I have not used those tables at all. This is a grave error, as 1-in-20 encounters in an uninhabited area will be such strongholds and that should have occurred at least once in the past four years of AD&D RAW. Clearly a missed opportunity to awesome up the campaign! [Note: my PC encountered a castle generated this way when the guy that runs Macho Mandalf was refereeing. This rule DOES awesome up campaigns!]
As to how patrons are created, there isn’t a framework. IMO, if you are going to run a Braunstein with arbitrarily devised factions, it needs to be volatile, the action needs to be resolved before attention is lost, and the players have to be crazy excited about their roles.
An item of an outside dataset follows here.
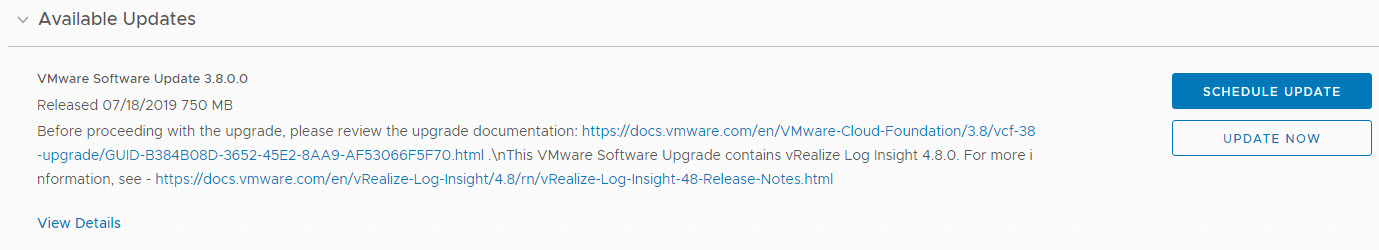 The next component in the upgrade process is the SDDC Manager itself. For this, we first need to download the correct bundle (it didn’t give me the option before). After this is done, the action is basically the same as previous. Click Update Now (or schedule your update for a later date or time) and go!

Black Dragon Games has a very genuine and heartfelt question about how Real D&D works:
I agree with Matt that people have been heated about this, c’est la vie. But here is a question. A disclaimer: I’m fine with 1:1 time, I believe you can use it and run a fun and rewarding campaign, I understand it has “corner cases” but no more so than any approach. I also want to stress that this is a good faith question, not an attempt at a “gotcha”, I expect someone who does 1:1 will present a perfectly straightforward solution, I have a system I like so I don’t intend to switch, this is pure curiosity. Assume AD&D 1e as the system. My understanding of 1:1 time is that by session’s end you should be back to a neutral space, e.g., not in the dungeon, so some time before you finish the party will turn back, leave the dungeon, go back to their neutral spot (e.g. town) and then players will interact with each other and the DM during the week away from the table to do tasks, e.g., buying supplies, hiring henchmen, etc. If this is an unfair depiction of the idea then let me know, but as far as I understand it this is right. My question is this, I run a lot of seafaring adventures, Say we sit down for the session when Bhorga’s Mistake leaves port, for 3 hours at the table the ship sails the ocean, has random encounters per the DMG, then we finish the session. What happens next? Is the ship considered the neutral space until next session? Do you simulate random encounters for the week? Do you hand wave travel entirely? Again, I have no dog in any fight, but what would be the preferred procedure?
Here is the answer to what would be an outright baffling question to anyone reading the AD&D rules for the first time.
Let’s say the voyage takes 2 months and during the session you only play out half of that due to several fun random encounters. You now have 1 month to reconvene with this group and find a legit “safe base”. The PC’s are in a 1 month long time jail and you have some flexibility. Let’s say the players don’t reconvene for whatever reason. Maybe the voyage session sucks or someone got sick. The referee may opt to play out the rest of the trip by email or forum post so that this partially resolved scenario does not disrupt the broader campaign. Once the players make it to port, the referee is no longer responsible for dealing with this aspect of the campaign and he can pick it up again when player interest demands it. This means the focus of play is free to shift to wherever the most excitement is. Tremendous asset!
“But Jeffro,” you say. “You have fallen into my trap! If you can run the sea voyage this way and make it work, then why can’t you run a dungeon delve in the same manner and just pick up where you left off continually?” Gosh, that is not a nice thing to say to me. In both cases, however, you want to avoid having unresolved threads blocking the development of the rest of the campaign. The dungeon delves aren’t typically “in the future” and so have less flexibility for how you would resolve them. (Delves are generally one week in duration.) Awesome things like mass battles and long sea voyages are worth the headaches of weird time-related situations. The beer & pretzels set will not sacrifice the benefits of timekeeping for some random “delve of the week” session. So, “end session back in town” is the rule of thumb.